Applying for my sellers permit in CA, the form is asking for a FEIN (Fed. Employer Identification Number). Can I just put my SS# or do I really need to apply for a FEIN.

Oh, and is FEIN the same as EIN? Have to ask, just want to make absolutly sure.

Thanks.


----------



## HeyJRod (Sep 28, 2008)

Flipphreak said:


> Applying for my sellers permit in CA, the form is asking for a FEIN (Fed. Employer Identification Number). Can I just put my SS# or do I really need to apply for a FEIN.
> 
> Oh, and is FEIN the same as EIN? Have to ask, just want to make absolutly sure.
> 
> Thanks.


i just applied for mine this week. CA also. I have no employees so I left it blank. maybe that wasnt the smartest idea, ill let you know how it goes. 

im in general partnership so that first section left me a little confused since there were about 3 questions that didnt apply.


----------



## pwapparel (Feb 16, 2007)

I would just get the number. It's free and very useful when you fill out other forms. Just because you have doesn't mean you need to use it for your taxes.


----------



## dixieexpress (Jul 26, 2008)

You only Need a FEIN # if you have employees, yes EIN is the same use your social but you you it in this format ##-######$ in stead of the norm ###-##-####
hpe this Helped


----------



## Robert H (Mar 27, 2007)

When I applied for mine I explained I was a sole proprietor and he said my SSN is fine. I applied for an EIN online anyway to protect my SSN on forms I can sub an EIN.

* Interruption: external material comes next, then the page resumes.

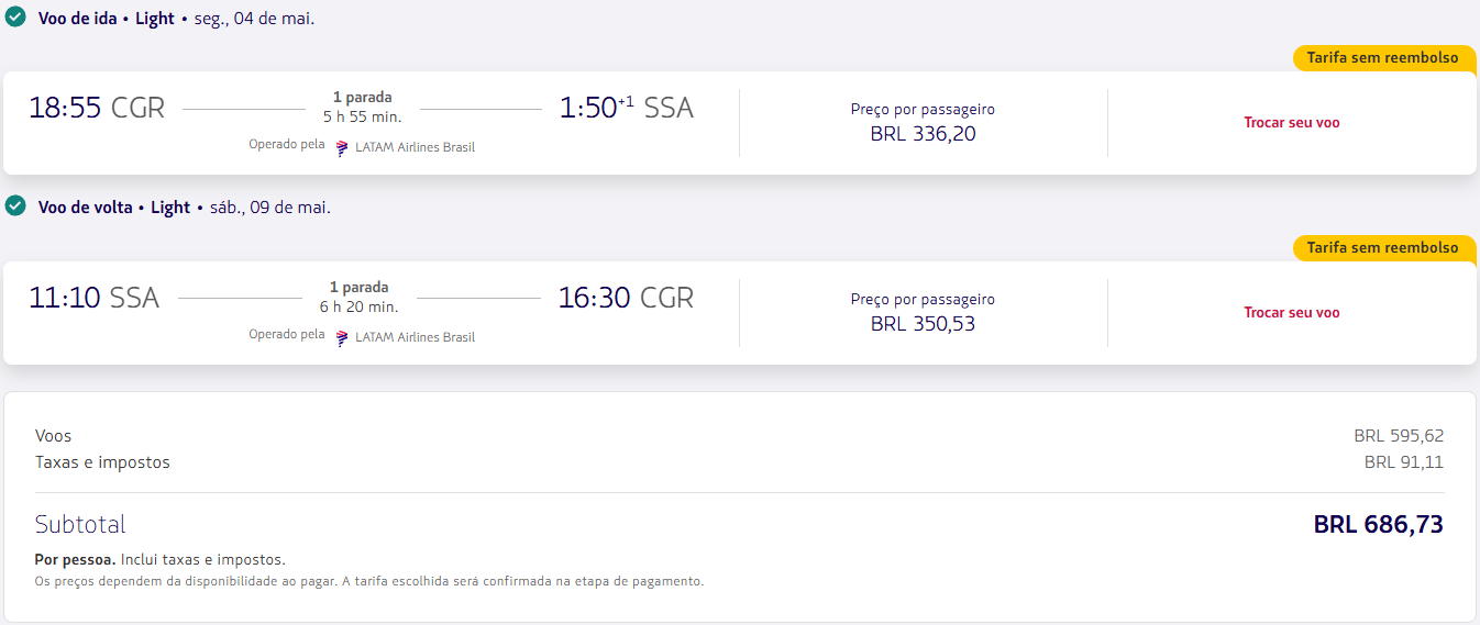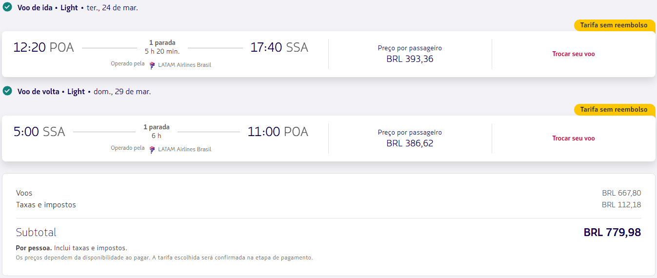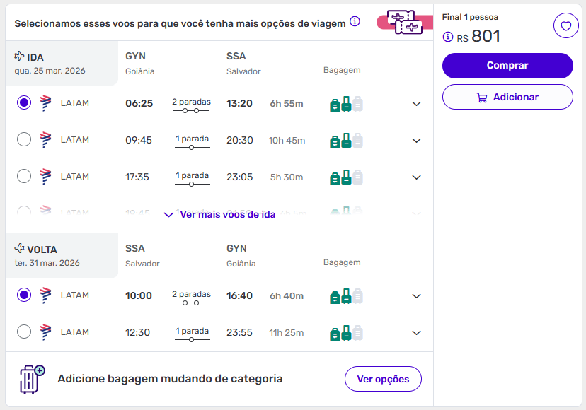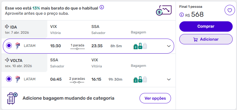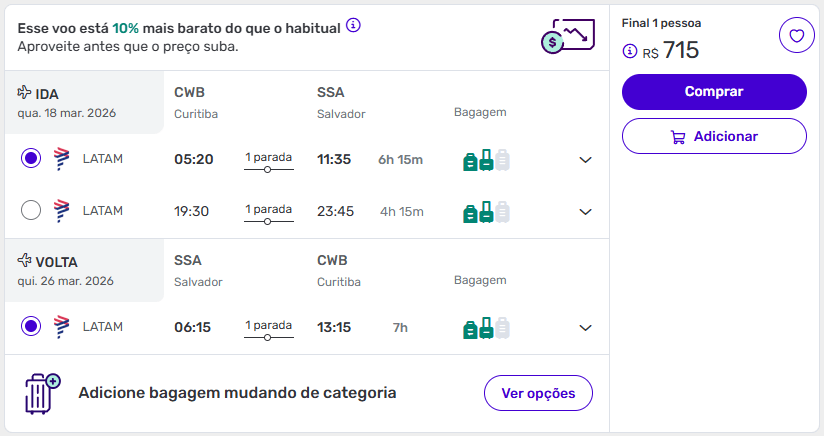 - Vale verificar tanto Salvador quanto Porto Seguro, já que os preços nem sempre se comportam da mesma forma para os dois destinos.

How long did it take your permit to arrive?


----------



## Flipphreak (Sep 11, 2008)

I got my EIN number online right after filling out the form, so that was pretty painless. The sellers permit will take about 2 weeks I hear so we will see.


----------



## JMBrown (Sep 21, 2008)

Where do you get the EIN?


----------



## since1794 (Nov 6, 2008)

JMBrown said:


> Where do you get the EIN?


Employer ID Numbers (EINs)


----------



## vexx78 (Oct 15, 2008)

You don't need it like people said but it's worth it. It's free and fast and if you biz grows you're going to need one anyways. Go to the gov. site and sign up! Easy to do and so worth it.


----------